4. Inspect and maintain packages

BASH

uv tree            # see dependency tree
uv add seaborn     # add a new package
uv sync --upgrade  # update to latest compatible versions
uv remove pandas   # remove a package
Checklist

5. Share with collaborators

Commit these files to Git:

BASH

git add pyproject.toml uv.lock
git commit -m "Add reproducible environment configuration"

Ignore the local environment directory:

BASH

echo ".venv/" >> .gitignore
git add .gitignore
git commit -m "Ignore local environment"

Collaborators can now reproduce your setup exactly:

BASH

git clone <your-repo>
cd <your-repo>
uv python install
uv sync
uv run python eva_data_analysis.py
Discussion

Try it yourself — recreate your environment

Delete the .venv folder and rerun:

BASH

uv sync

Then check that your script still runs and gives the same result.
Congratulations — you’ve reproduced your environment from scratch!

Caution

Environment variables

If you previously set PYTHONHOME, PYTHONPATH, or PYTHONSTARTUP, unset them:

BASH

unset PYTHONHOME PYTHONPATH PYTHONSTARTUP

They can interfere with uv’s isolated environment.

Handling encoding issues (Windows example)


When running your script, you might see this error on Windows:

BASH

UnicodeEncodeError: 'charmap' codec can't encode character ...
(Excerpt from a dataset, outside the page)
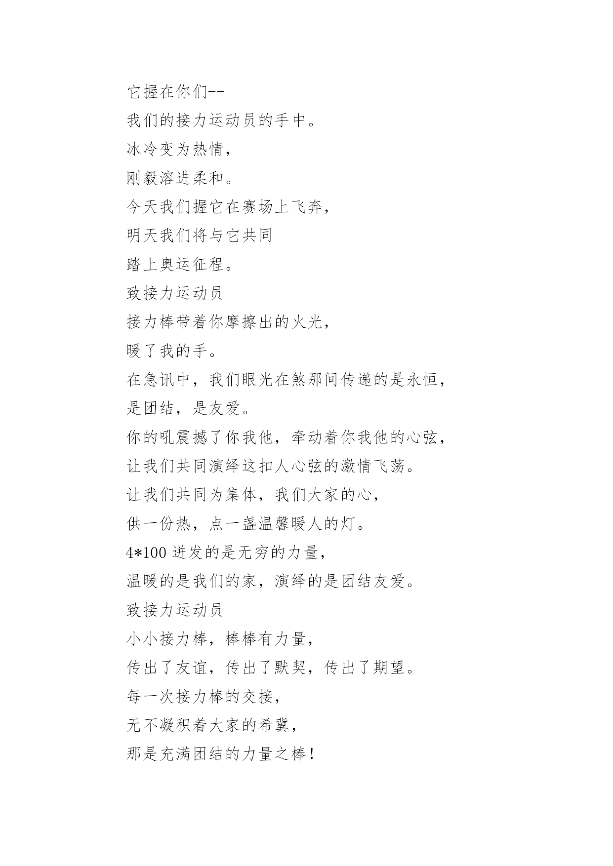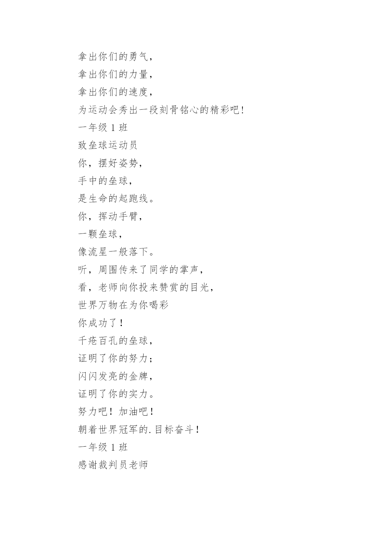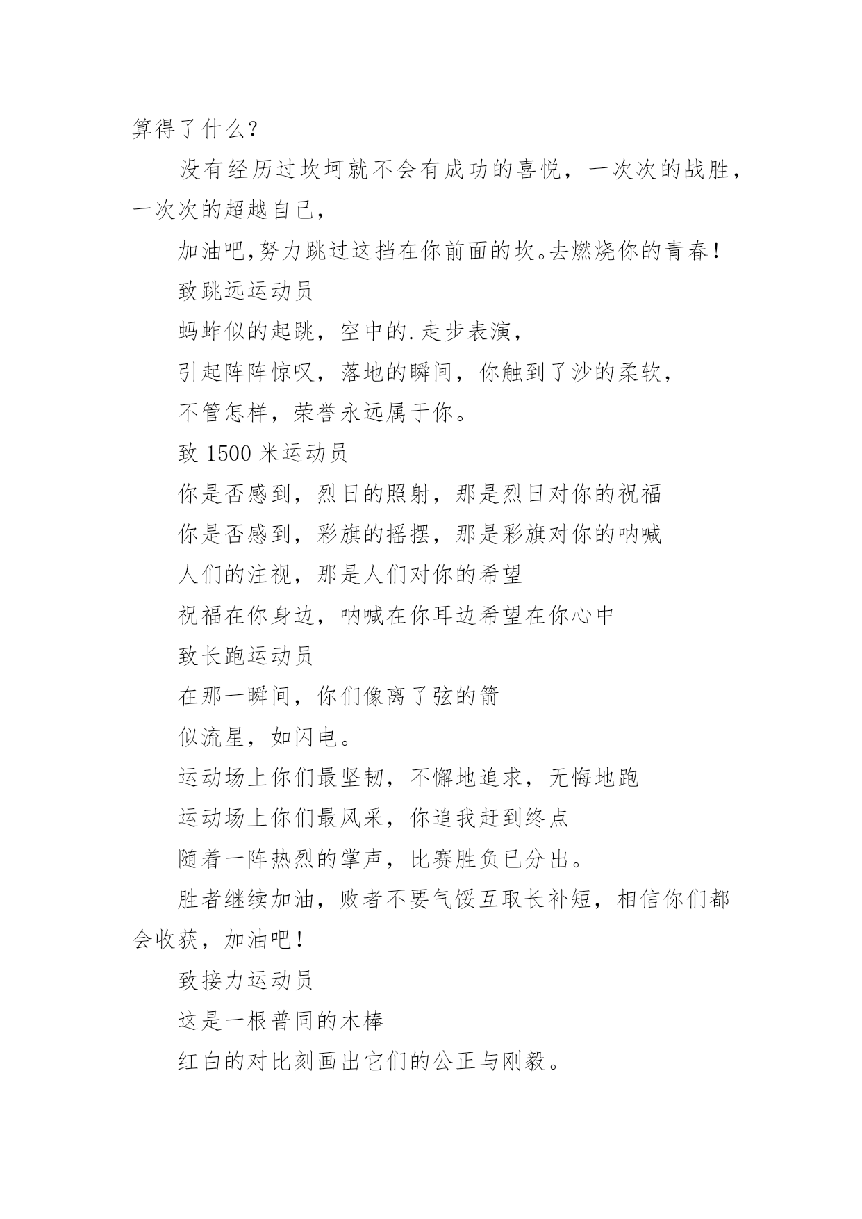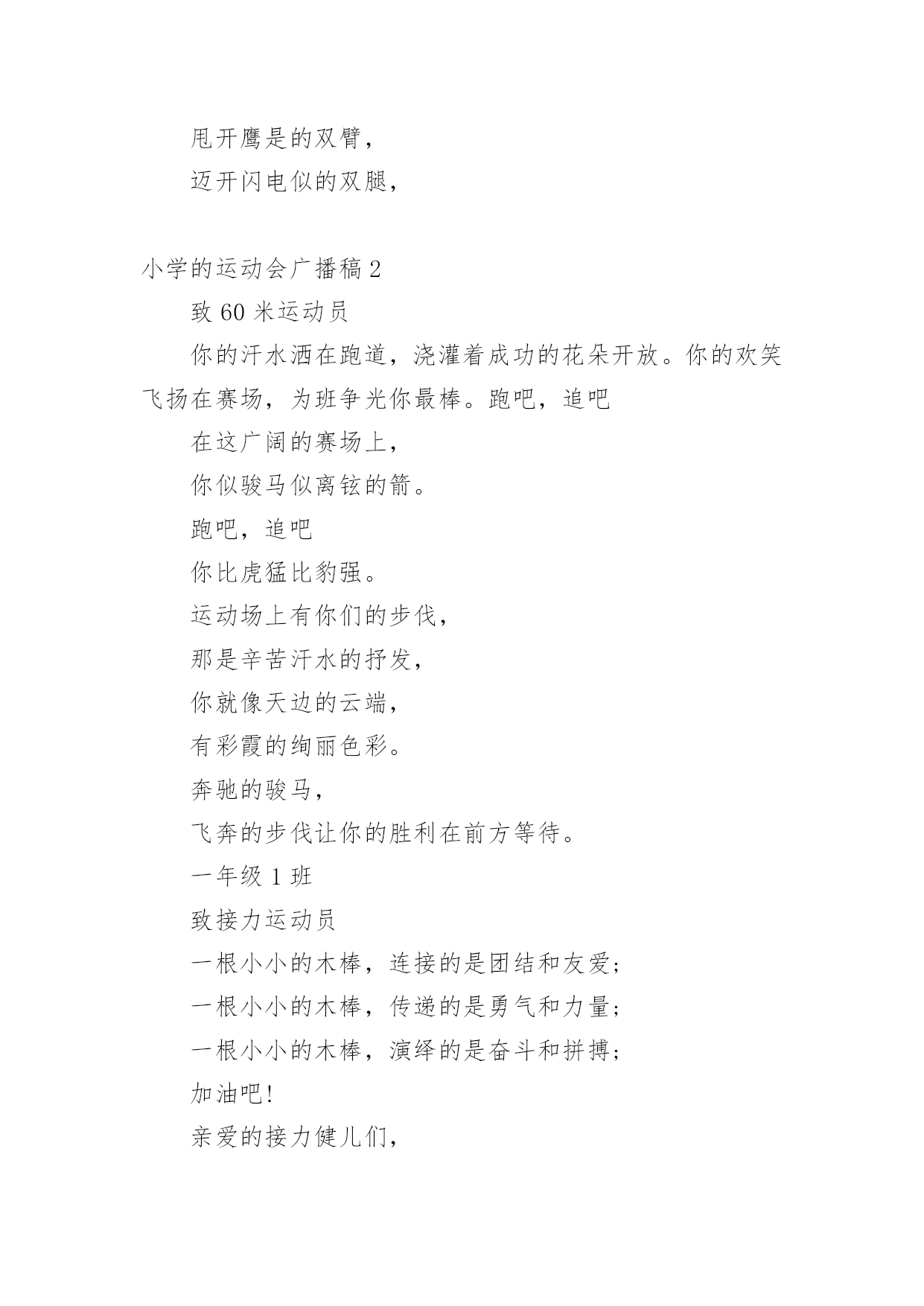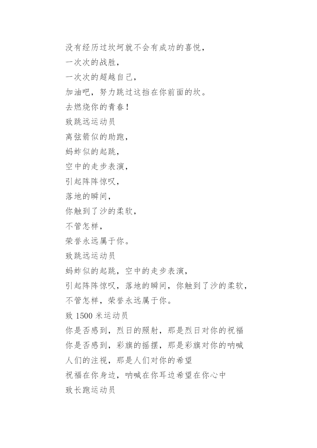 小学的运动会广播稿如果你是学校广播站的播音员,肯定会知道广播前都会预先做好广播稿,广播稿写得好才会有好的节目效果,那么你有了解过广播稿吗?下面是小编为大家收集的小学的运动会广播稿,希望对大家有所帮助。小学的运动会广播稿1至200米运动员百米跑道虽不长,运动健儿志高扬。摸拳擦掌跃欲试,分秒必争勇夺魁。实验学校有勇女,巾帼岂将须眉让。古有木兰冲杀场,今有郎萍跑百米。立志创新校记录,勇夺奥运第一枚。至800米运动员迎接你的,是800米跑道等待你的,是漫漫征途勇敢的冲吧,勇士们不要畏惧对手的强大你的对手只有自己勇敢的冲吧800米算不得什么付出的汗水就要得到回报胜利的泪水就要顺颊而下至长跑运动员泥泞的路走过无数累了,告诉自己:快了,再坚持一会儿身上的伤流出血来疼了,告诉自己:别哭,会好的摔到了,告诉自己:快爬起来,世上很少有坦途致200米运动员200米,有一个人生的起点200米,有一个人生的弯道200米,有一段人生的冲刺200米,有一个辉煌的胜利200米,只刹那一瞬间却成就一段永恒的胜利200米,只弯过一个转折却折出多少汗水冲向你那光辉煌的胜利吧跨过那一瞬转过那道弯胜利在向你招手致200米运动员夏日的操场竟是如此美丽美丽地几乎令人绝望你蹲在起跑线上每一块肌肉都固执得顶起像一尊雕像慢慢地慢慢地你抬起了头坚毅的目光中透出了贪婪汗湿的发丝终于飞了起来冲吧冲吧化作勇敢的苍鹰去寻找我心中的太阳致100米运动员枪声伴你踏上征程,你昂着自信的头,带着必胜的信念,冲去,奔去。那一刻时光仿佛都为你停住,你的勇气振动了一切,震撼了每一个人的心灵。终点。你赢了。虽然只是那短短的十几秒,但你在我们心中留下了永恒。致长跑运动员磨炼的是非凡的毅力,较量的是超常的体力,拼搏的是出类拔萃的耐力。把长长的跑道跑成一段漫漫的征途,听!呼啸的风在为你喝彩,看!猎猎的彩旗在为你加油,加油吧!为了到达终点时那一刻的辉煌!致400米运动员400米的跑道上,你正在飞驰,面对如此遥远的路途,你也许腿脚发麻,你也许有些茫然。但你可知道,在你身后,有同学们一双双期待的眼睛;在你身后,是你日日苦练的汗水。鼓起勇气,奋勇向前吧!致铅球运动员手里紧握那沉重的铅球,那铅球上凝集了你的希望,你的理想,汇集全身的力量,推出理想,推出希望,铅球在空中闪亮,理想在空中发光—致铅球运动员一道优美的弧线划过眼前,我不禁浮想连篇,这精彩的弧线啊,凝结着多少辛勤的汗水,无伦的弧线啊,寄托着多少热切的期盼。它是这般自然,又是如此完美,没有什么遗憾,只会留下一片美的体验。我要永远将你留下让我的心中印上一条弧线—致跳高运动员在阳光的照耀下,跳高的比赛场地格外辉煌,运动健儿们,用那矫键的身躯,冲刺着一个又一个的高度。没有尝试,怎会知道自己是否为强者,超越自己,也许会创造一番新天地!运动健儿们加油吧,去创造一份份奇奇迹,去创造一份份惊喜!致跳高运动员一根细细的杆子横放在半空中,它细,然而却像你生命中的坎,不可怕,不要怕,只要你有决心,只要你有信心,这又算得了什么?没有经历过坎坷就不会有成功的喜悦,一次次的战胜,一次次的超越自己,加油吧,努力跳过这挡在你前面的坎。去燃烧你的青春!致跳远运动员离弦箭似的助跑,蚂蚱似的起跳,空中的走步表演,引起阵阵惊叹,落地的瞬间,你触到了沙的柔软,不管怎样,荣誉永远属于你。致跳远运动员蚂蚱似的起跳,空中的走步表演,引起阵阵惊叹,落地的瞬间,你触到了沙的柔软,不管怎样,荣誉永远属于你。致1500米运动员你是否感到,烈日的照射,那是烈日对你的祝福你是否感到,彩旗的摇摆,那是彩旗对你的呐喊人们的注视,那是人们对你的希望祝福在你身边,呐喊在你耳边希望在你心中致长跑运动员在那一瞬间,你们像离了弦的箭似流星,如闪电。运动场上你们最坚韧,不懈地追求,无悔地跑运动场上你们最风采,你追我赶到终点随着一阵热烈的掌声,比赛胜负已分出。胜者继续加油,败者不要气馁互取长补短,相信你们都会收获,加油吧!致800米运动员你和红色的地面有个约定,那上面,总有你奔跑的身影;你与绿色的草坪有个约定,那上面,有着你辛劳的汗渍。你与我们有个约定,说你一定要赢,也一定会赢枪声响了,八百米,几秒,却又像几个世纪迈开大步,跨过世纪!致四百米运动员依然是蓝色的天空,依然是金色的阳光,依然是绿色的草地,依然是红色的跑道,依然是你,勇敢的你,坚强的你。不同的是,天空更加蔚蓝,阳光更加灿烂,草地更如翡翠一般,跑道更加的鲜艳,而你,定会更加的自信,你的成绩,必然更加辉煌。致跳高运动员一根细细的杆子横放在半空中,它细,然而却像你生命中的坎,不可怕,不要怕,只要你有决心,只要你有信心,这又算得了什么?没有经历过坎坷就不会有成功的喜悦,一次次的战胜,一次次的超越自己,加油吧,努力跳过这挡在你前面的坎。去燃烧你的青春!致跳远运动员蚂蚱似的起跳,空中的

This happens because Windows uses a different default text encoding.
Fix it by explicitly setting the encoding when reading and writing files:

PYTHON

data_f = open('./eva-data.json', 'r', encoding='ascii')
data_t = open('./eva-data.csv', 'w', encoding='utf-8')

Then commit your fix:

BASH

git add eva_data_analysis.py
git commit -m "Specify data encoding"
git push origin main
Discussion

Reflection

How might using an environment manager like uv help your future self or a collaborator reproduce your work?

Further reading


Callout

Other environment managers

You may encounter other tools that manage environments differently or focus on different workflows:

Tool Distinguishing feature
Pixi Rust-based, cross-language manager using Conda’s dependency solver
Poetry Long-standing project manager emphasizing packaging and publishing
PDM Modern, PEP-compliant tool similar to Poetry but lighter-weight
Conda / Mamba Popular in data science for compiled packages and cross-language use

Each follows the same principle: isolate dependencies and record them for reproducibility.

This workshop focuses on uv for its straightforward, fast setup and beginner-friendly interface, but we encourage exploring these other tools as you grow more comfortable with Python project management.

Key Points
  • A virtual environment isolates your project’s Python version and dependencies.
  • Tools such as uv, pixi, and poetry automate this process in different ways.
  • pyproject.toml declares what you need; uv.lock (or equivalent) records exact versions.
  • Reproducibility depends on capturing this metadata, not on which specific tool you use.
  • uv run executes code safely inside the environment.
  • Share pyproject.toml + uv.lock; ignore .venv/.
  • Recreate an environment anytime with uv sync or the equivalent for your tool of choice.